The aim of this notebook is to implement from scratch the back propagation alogorithm, this time at the tensors level (like the PyTorch .backprop() method) to understand it works under the hood. This helps also understanding how to use it optimally in further training.

In [5]:
import torch
import torch.nn.functional as F
import matplotlib.pyplot as plt
%matplotlib inline
import random

In [2]:
# read all the words dataset

!wget https://raw.githubusercontent.com/bubuloMallone/NeuralNetworksLM/refs/heads/main/datasets/names.txt

words = open('names.txt', 'r').read().splitlines()

words[:10]

--2025-07-15 09:33:09--  https://raw.githubusercontent.com/bubuloMallone/NeuralNetworksLM/refs/heads/main/datasets/names.txt
Resolving raw.githubusercontent.com (raw.githubusercontent.com)... 185.199.110.133, 185.199.109.133, 185.199.111.133, ...
Connecting to raw.githubusercontent.com (raw.githubusercontent.com)|185.199.110.133|:443... connected.
HTTP request sent, awaiting response... 200 OK
Length: 228145 (223K) [text/plain]
Saving to: ‘names.txt’


2025-07-15 09:33:09 (6.19 MB/s) - ‘names.txt’ saved [228145/228145]



['emma',
 'olivia',
 'ava',
 'isabella',
 'sophia',
 'charlotte',
 'mia',
 'amelia',
 'harper',
 'evelyn']

In [4]:
# build the vocabulary of characters and mappings to/from integers
chars = sorted(list(set(''.join(words))))
stoi = {s:i+1 for i,s in enumerate(chars)}
stoi['.'] = 0
itos = {i:s for s,i in stoi.items()}
vocab_size = len(itos)
print(itos)
print(vocab_size)

{1: 'a', 2: 'b', 3: 'c', 4: 'd', 5: 'e', 6: 'f', 7: 'g', 8: 'h', 9: 'i', 10: 'j', 11: 'k', 12: 'l', 13: 'm', 14: 'n', 15: 'o', 16: 'p', 17: 'q', 18: 'r', 19: 's', 20: 't', 21: 'u', 22: 'v', 23: 'w', 24: 'x', 25: 'y', 26: 'z', 0: '.'}
27


In [6]:
# build the dataset

# define the context length: how many char we consider to predict the next one
block_size = 3

def build_dataset(words):

  X, Y = [], []
  for word in words:
    context = [0] * block_size
    for ch in word + '.':
      idx = stoi[ch]
      X.append(context)
      Y.append(idx)
      # print(''.join(itos[i] for i in context), '--->', itos[idx])
      context = context[1:] + [idx]
  X = torch.tensor(X)
  Y = torch.tensor(Y)
  print('Data:', X.shape, X.dtype)
  print('Labels:', Y.shape, Y.dtype)
  num_samples = X.shape[0]

  return X, Y, num_samples

random.seed(42)
random.shuffle(words)
n1 = int(0.8*len(words))
n2 = int(0.9*len(words))

Xtr, Ytr, num_samples_tr = build_dataset(words[:n1])
Xval, Yval, num_samples_val = build_dataset(words[n1:n2])
Xte, Yte, num_samples_te = build_dataset(words[n2:])

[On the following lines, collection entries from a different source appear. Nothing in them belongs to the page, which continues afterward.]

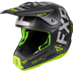
BLACK/LIME/CHAR | 190621-1070- [MATTE FINISH]
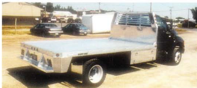
14. ALUM-LINE will build beds up-to 24' in-length and 20,000 lb capacities. Special strength features include: 1/2" thick outside rail, 3" I beam, 1/4" wall cross members on 12" centers, and 1 1/4" extruded flooring. Put our bed to the test... You will be very satisfied. All types of loading ramps available.
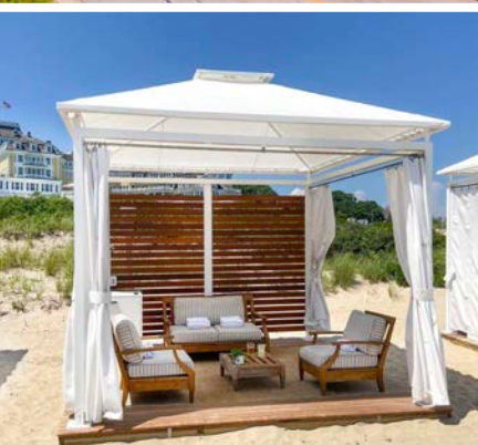
Book a Private Cabana, with Beach Butler Service
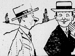
"Se you're back from your rest are you?" "Not exactly. I'm back for my rest."
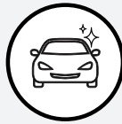
Clean & Degrease Cars, Trucks & Motorcycles
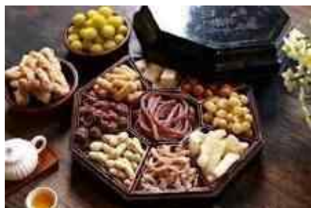
Mứt (dried fruit)

Data: torch.Size([182625, 3]) torch.int64
Labels: torch.Size([182625]) torch.int64
Data: torch.Size([22655, 3]) torch.int64
Labels: torch.Size([22655]) torch.int64
Data: torch.Size([22866, 3]) torch.int64
Labels: torch.Size([22866]) torch.int64


First let us define a utility function to compare the manual gradients computed to PyTorch gradients.

In [7]:
# utility function to compare gradients to PyTorch gradients
def cmp(s, dt, t):
  ex = torch.all(dt == t.grad).item()
  app = torch.allclose(dt, t.grad)
  maxdiff = (dt - t.grad).abs().max().item()
  print(f'{s:15s} | exact: {str(ex):5s} | approximate: {str(app):5s} | maxdiff: {maxdiff}')


Now let us initialize the neular network (MLP) as usual

In [8]:
# MLP architecture
g = torch.Generator().manual_seed(2147483647)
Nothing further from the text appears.